From the Mulberry tree's trimming, I think I have enough to make at least part of the garden fence in wattle style.

Has anyone ever made a fence from branches? Either weaved or just more simple TTT style?


















http://www.inspirationgreen.com/wattle-fence.html

http://www.bramble-and-bean.com/2011/08/wattle-i-wot.html


----------



## Skandi (Oct 21, 2014)

No, but I am planning on it very soon, I've been saving all the sapplings and cuts from the trees as I clear my new place. so I will be watching this thread to see if anyone has done it and can advise on it. (I have made hazel hurdles before but not with "scrap" wood)


----------



## Guest (Nov 29, 2014)

Skandi said:


> No, but I am planning on it very soon, I've been saving all the sapplings and cuts from the trees as I clear my new place. so I will be watching this thread to see if anyone has done it and can advise on it. (I have made hazel hurdles before but not with "scrap" wood)


Wouldn't the saplings have to be used while green to weave a fence like the one above ?


----------



## Skandi (Oct 21, 2014)

WV Hillbilly said:


> Wouldn't the saplings have to be used while green to weave a fence like the one above ?


I was thinking of the saplings as the posts but you can soak dry ones to get them to bend again. 3-5 days seems to be long enough for hazel I've never tried willow or any other wood though.


----------



## watcher (Sep 4, 2006)

I don't know about where ya'll live but here the termites, carpenter bees, ants and the weather would render something like that next to useless in a year or two.


----------



## varangian (Nov 20, 2014)

They're pretty good as far as a fence goes, I made one at my house just out of the smaller sticks and branches I didn't use for firewood.
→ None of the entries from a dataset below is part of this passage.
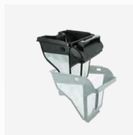
Filter canister Dual stage filter: 150/60 μ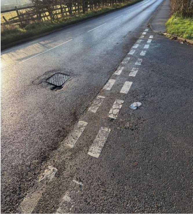
17 – Manhole lid in wheel line, in poor condition lid rocking.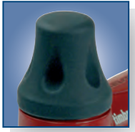
Rotary knob to change the timbre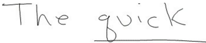
Figure 30: Example ink text

For example, the following figure shows ink that is analyzed as shown in the following code example.

It doesn't look anywhere near as good as those pics but it serves it's purpose, I like it because if you build it in sections of three or four posts at a time they are relatively easy to move around where they're needed without having to take apart an entire fence


----------



## Tyler520 (Aug 12, 2011)

I've worked on a couple of them.

the ones you have shown are technically just 'wattling' (the strips of wood)

'daubing' included the application of of a mud finish.

Are you actually wanting just a wattle fence, or wattle AND daub?

The uprights can be seasoned, but the woven lathes should be green saplings. Size of the members are dependent on size of fence and spacing of the posts, so it would be hard to give an estimate on diameter of each element


----------